I am writing a code to compute some matrix quantities. The result involves Sec andCsc functions, and I want a form displayng only Sinand Cos. I have already seen this question, but the solution suggested does not solve my problem, since I get the following:

    Ef = {{-Sin[ζ], 0, 0, 0, 0, 0, 0, 0}, {0, Cos[ζ], 0, 0, 0,
0, 0, 0}, {0, 0, Cos[ζ], 0, 0, 0,
0, γ Cos[ζ]}, {0, 0, 0, Sin[ζ], 0,
0, -γ Sin[ζ], 0}, {0, 0, 0, 0, -1/Sin[ζ], 0, 0,
0}, {0, 0, 0, 0, 0, 1/Cos[ζ], 0, 0}, {0, 0, 0, 0, 0,
0, (1/Cos[ζ]), 0}, {0, 0, 0, 0, 0, 0, 0, 1/Sin[ζ]}};

G = Transpose[Ef].Ef;
MatrixForm[G]

ginv = Table[G[[i]][[j]], {i, 5, 8}, {j, 5, 8}];
g = Inverse[ginv];
MatrixForm[g] // FullSimplify


$$g= \begin{pmatrix} \sin ^2(\zeta ) & 0 & 0 & 0 \\ 0 & \cos ^2(\zeta ) & 0 & 0 \\ 0 & 0 & \frac{\csc ^2(\zeta )}{\gamma ^2+4 \csc ^2(2 \zeta )} & 0 \\ 0 & 0 & 0 & \frac{\sec ^2(\zeta )}{\gamma ^2+4 \csc ^2(2 \zeta )}\end{pmatrix}$$

But I would like the equivalent form (but easier to cope with),

$$g = \begin{pmatrix} \sin ^2(\zeta ) & 0 & 0 & 0 \\ 0 & \cos ^2(\zeta ) & 0 & 0 \\ 0 & 0 & \frac{\cos ^2(\zeta )}{1+\gamma ^2 \sin^2 (\zeta) \cos^2 (\zeta)} & 0 \\ 0 & 0 & 0 & \frac{\sin ^2(\zeta )}{1+\gamma ^2 \sin^2 (\zeta) \cos^2 (\zeta)}\end{pmatrix}$$

Using

    \$PrePrint = # /. {Csc[z_] :> 1/Defer@Sin[z],
Sec[z_] :> 1/Defer@Cos[z]} &;


I just manage to obtain terms like $$\frac{1}{\cos^2 (\zeta) \left( \gamma^2 + \frac{4}{\sin^2(2\zeta)}\right)}$$

and further TrigExpand does not have any effect. Someone has any suggestion?
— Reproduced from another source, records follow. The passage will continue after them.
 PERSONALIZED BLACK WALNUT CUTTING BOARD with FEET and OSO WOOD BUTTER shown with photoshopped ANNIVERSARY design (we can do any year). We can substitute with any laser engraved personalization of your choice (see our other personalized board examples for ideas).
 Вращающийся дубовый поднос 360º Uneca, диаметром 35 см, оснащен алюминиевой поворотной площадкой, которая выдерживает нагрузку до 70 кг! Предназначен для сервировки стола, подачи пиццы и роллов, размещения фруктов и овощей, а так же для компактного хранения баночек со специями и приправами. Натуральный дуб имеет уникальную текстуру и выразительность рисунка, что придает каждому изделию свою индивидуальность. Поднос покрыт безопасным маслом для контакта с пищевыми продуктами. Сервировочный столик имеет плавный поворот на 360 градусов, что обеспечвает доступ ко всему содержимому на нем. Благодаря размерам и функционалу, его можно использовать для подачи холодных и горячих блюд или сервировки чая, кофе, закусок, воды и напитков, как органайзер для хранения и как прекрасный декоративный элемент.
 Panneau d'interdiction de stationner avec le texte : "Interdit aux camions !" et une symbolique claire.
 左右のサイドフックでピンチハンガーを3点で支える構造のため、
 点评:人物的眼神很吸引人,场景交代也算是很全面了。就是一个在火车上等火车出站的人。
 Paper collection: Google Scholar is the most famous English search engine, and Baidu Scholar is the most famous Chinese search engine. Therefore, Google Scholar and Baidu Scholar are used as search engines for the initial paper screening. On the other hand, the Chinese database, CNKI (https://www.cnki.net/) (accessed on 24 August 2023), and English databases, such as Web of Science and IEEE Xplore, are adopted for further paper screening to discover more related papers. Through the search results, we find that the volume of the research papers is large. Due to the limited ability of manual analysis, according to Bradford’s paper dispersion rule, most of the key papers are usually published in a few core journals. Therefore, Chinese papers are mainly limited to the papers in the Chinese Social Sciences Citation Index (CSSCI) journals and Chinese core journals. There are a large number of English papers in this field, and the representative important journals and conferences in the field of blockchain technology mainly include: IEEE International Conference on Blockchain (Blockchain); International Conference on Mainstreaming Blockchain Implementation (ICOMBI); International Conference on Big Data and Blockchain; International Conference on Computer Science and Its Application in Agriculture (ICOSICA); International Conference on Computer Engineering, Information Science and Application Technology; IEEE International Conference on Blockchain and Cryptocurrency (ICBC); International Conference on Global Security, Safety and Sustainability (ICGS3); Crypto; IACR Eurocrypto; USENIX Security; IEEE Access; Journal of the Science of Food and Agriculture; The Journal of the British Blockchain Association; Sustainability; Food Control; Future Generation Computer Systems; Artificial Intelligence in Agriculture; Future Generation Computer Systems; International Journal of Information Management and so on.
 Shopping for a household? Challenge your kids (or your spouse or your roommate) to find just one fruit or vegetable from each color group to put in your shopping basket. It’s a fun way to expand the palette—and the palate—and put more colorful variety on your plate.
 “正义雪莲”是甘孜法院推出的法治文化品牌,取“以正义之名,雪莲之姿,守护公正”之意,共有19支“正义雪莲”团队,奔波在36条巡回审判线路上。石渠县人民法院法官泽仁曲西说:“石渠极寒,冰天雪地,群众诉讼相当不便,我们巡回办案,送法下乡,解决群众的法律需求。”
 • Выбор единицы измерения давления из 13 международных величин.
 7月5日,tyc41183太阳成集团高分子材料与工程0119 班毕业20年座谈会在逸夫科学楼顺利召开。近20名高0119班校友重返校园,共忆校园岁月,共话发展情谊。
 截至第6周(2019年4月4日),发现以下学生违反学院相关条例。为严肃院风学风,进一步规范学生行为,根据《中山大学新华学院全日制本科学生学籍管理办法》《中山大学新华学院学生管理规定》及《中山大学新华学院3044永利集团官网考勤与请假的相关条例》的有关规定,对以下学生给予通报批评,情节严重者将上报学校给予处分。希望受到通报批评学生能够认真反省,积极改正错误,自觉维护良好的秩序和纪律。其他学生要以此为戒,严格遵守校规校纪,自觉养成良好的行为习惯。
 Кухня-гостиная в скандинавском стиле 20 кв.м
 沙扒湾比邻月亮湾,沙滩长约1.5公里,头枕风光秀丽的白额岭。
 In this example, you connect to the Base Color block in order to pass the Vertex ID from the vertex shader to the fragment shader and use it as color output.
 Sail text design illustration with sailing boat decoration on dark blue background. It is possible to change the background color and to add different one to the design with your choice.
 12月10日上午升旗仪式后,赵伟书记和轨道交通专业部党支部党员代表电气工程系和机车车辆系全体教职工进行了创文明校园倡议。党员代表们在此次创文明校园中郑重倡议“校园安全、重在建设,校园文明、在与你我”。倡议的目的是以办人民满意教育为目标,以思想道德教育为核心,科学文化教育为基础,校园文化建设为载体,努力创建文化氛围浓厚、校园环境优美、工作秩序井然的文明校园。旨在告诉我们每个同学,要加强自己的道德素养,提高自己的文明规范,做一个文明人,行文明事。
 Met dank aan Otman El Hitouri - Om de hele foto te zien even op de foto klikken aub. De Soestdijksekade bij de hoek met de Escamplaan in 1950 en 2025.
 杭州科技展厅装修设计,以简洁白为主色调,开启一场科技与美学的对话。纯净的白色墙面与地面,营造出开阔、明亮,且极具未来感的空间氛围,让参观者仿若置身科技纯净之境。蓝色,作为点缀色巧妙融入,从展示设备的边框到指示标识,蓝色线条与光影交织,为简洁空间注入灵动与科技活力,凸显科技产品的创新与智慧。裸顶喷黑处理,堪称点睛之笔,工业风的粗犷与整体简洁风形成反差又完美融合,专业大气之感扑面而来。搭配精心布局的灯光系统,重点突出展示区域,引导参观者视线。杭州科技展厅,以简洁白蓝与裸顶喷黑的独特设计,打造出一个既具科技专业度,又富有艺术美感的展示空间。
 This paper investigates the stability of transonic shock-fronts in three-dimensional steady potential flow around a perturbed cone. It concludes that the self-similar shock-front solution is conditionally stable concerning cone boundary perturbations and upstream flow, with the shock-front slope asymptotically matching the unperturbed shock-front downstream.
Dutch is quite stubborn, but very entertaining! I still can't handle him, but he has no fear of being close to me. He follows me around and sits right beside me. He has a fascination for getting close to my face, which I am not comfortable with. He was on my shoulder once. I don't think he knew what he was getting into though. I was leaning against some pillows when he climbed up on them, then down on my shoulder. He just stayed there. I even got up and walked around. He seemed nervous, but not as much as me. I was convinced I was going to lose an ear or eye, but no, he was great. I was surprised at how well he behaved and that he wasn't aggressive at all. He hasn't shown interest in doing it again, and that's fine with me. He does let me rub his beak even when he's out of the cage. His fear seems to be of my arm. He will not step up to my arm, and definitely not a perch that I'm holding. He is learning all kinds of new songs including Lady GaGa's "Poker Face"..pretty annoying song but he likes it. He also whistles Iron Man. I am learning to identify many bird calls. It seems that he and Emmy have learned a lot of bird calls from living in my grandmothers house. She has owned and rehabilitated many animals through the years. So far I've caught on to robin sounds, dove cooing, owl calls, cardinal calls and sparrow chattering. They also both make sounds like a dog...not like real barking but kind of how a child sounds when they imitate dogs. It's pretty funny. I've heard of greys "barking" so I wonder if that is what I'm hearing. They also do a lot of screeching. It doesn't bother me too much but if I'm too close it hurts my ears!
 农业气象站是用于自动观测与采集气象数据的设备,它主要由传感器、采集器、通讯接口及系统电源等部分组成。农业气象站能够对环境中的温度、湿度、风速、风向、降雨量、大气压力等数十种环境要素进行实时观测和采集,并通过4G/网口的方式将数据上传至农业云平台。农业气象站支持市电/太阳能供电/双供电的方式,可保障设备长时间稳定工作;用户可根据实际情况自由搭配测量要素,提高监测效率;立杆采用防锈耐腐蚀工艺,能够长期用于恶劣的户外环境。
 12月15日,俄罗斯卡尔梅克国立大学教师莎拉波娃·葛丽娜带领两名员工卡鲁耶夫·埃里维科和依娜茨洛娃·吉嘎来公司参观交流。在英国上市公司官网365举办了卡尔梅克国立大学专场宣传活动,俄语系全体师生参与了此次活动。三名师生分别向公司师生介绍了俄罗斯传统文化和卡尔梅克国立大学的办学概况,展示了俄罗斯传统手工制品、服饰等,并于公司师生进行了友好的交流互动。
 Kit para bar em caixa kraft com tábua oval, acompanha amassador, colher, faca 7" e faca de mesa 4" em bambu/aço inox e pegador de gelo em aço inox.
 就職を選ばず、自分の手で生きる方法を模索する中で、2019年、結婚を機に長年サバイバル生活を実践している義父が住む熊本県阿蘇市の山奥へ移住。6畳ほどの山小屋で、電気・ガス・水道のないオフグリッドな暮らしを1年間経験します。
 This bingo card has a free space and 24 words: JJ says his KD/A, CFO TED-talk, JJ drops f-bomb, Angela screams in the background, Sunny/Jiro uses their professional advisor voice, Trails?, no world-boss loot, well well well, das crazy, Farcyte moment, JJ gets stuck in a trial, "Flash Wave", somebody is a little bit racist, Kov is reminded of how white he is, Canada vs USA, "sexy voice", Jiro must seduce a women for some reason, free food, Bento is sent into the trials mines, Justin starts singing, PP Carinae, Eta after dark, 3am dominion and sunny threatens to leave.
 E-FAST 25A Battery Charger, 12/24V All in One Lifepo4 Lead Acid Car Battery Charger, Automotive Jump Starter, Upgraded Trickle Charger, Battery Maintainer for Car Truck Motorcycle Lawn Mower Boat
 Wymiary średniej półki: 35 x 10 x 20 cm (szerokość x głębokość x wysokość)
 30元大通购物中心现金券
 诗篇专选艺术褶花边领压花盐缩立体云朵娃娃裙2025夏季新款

## marked as duplicate by Jens, m_goldberg, bbgodfrey, ciao, Bob HanlonMar 17 '15 at 0:49

• I feel your pain, but I'm afraid, no amount of TrigExpand will ever convert the last expression. It is a case of a/a != 1 as it may be the case, that a == 0. – LLlAMnYP Mar 16 '15 at 12:03
• Although the goal here is a little different, I think the main issue is the same as in Mathematica Sec and Csc, and there probably isn't a better solution - I would love to be wrong, though. – Jens Mar 16 '15 at 16:07

You might have some success with specifying a different complexity function for FullSimplify. The following statement e.g. will avoid introducing Sec and Csc:
FullSimplify[g, ComplexityFunction->(Count[{#}, (Sec|Csc)[__]]&)]

$$\left( \begin{array}{cccc} \sin ^2(\zeta ) & 0 & 0 & 0 \\ 0 & \cos ^2(\zeta ) & 0 & 0 \\ 0 & 0 & \frac{8 \cos ^2(\zeta )}{-\cos (4 \zeta ) \gamma ^2+\gamma ^2+8} & 0 \\ 0 & 0 & 0 & \frac{8 \sin ^2(\zeta )}{-\cos (4 \zeta ) \gamma ^2+\gamma ^2+8} \\ \end{array} \right)$$